- _What is expected_:
Output only the lines that run from the line holding "Unbranded Blouse Women's" to the end of the entries, both ends included, and skip the pictures.

***** Data for this exercise *****

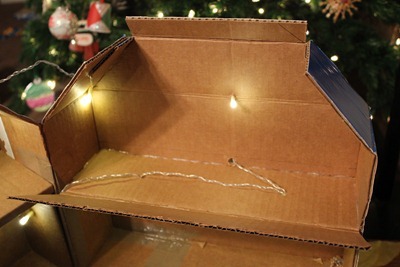 Again, the options are endless. Perhaps you’ll run all the wires on the outside of the house, poking holes here and there and sticking the lights through to the inside. Perhaps you’ll run all the wires on the inside of the house and tape them down or cover them with another layer of cardboard. I did a bit of both. Whatever you decide, I recommend holding the lights in place with masking tape until you get a configuration that fits the way you want. And THEN start poking holes for the lights to go through.
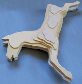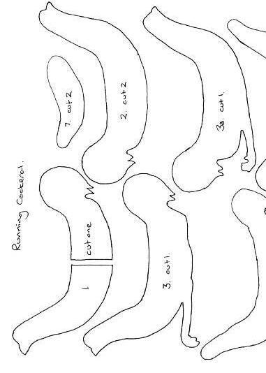 Start by drawing the pieces onto your card, number them and cut them out. The more carefully you do this the less hard the sandpapering will be. When you have all the pieces cut out, start to glue them together beginning with the central piece. DONāT FORGET to cut out the channel for the stick. When your horse is assembled and you are happy with it, leave it to dry overnight before you start to shape it.
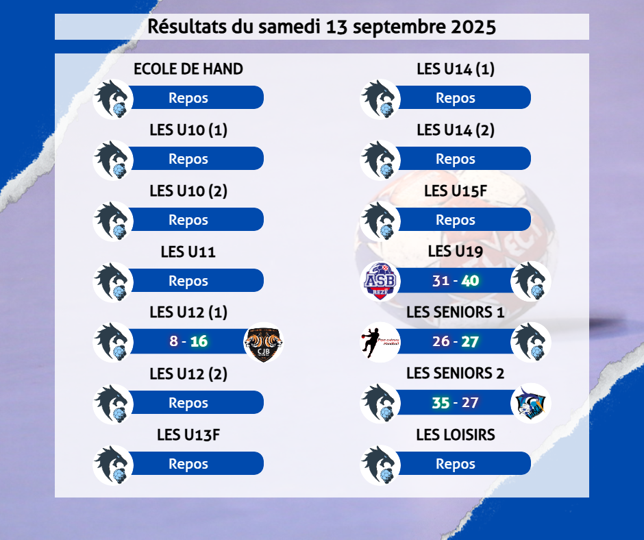 Résultats du samedi 13 septembre 2025
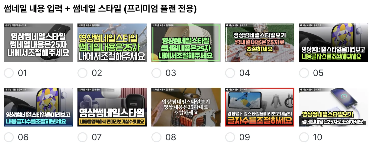 01번 부터 10번 썸네일 까지 원하는 썸네일 디자인을 클릭하여 내용을 썸네일을 다르게 사용할 수 있습니다.
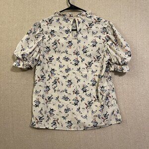 Unbranded Blouse Women's XSmall Tan Floral Pullover Short Sleeves
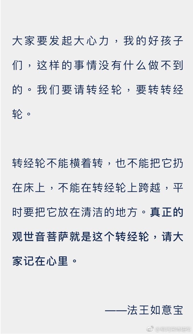 今天是藏历十五,阿弥陀佛节日。以清净信心忆念、祈祷阿弥陀佛,信愿坚定!《观经》中说:“然彼如来宿愿力故,有忆想者,必得成就。但想佛像,得无量福,况复观佛具足身相。” 南无阿弥陀佛!愿一切众生皆得无碍往生极乐世界,速证佛果。希阿荣博堪布以甚深缘起力,发起“扎西持林净土日课共修”

*****

- _Solution to this exercise_:
 Unbranded Blouse Women's XSmall Tan Floral Pullover Short Sleeves
 今天是藏历十五,阿弥陀佛节日。以清净信心忆念、祈祷阿弥陀佛,信愿坚定!《观经》中说:“然彼如来宿愿力故,有忆想者,必得成就。但想佛像,得无量福,况复观佛具足身相。” 南无阿弥陀佛!愿一切众生皆得无碍往生极乐世界,速证佛果。希阿荣博堪布以甚深缘起力,发起“扎西持林净土日课共修”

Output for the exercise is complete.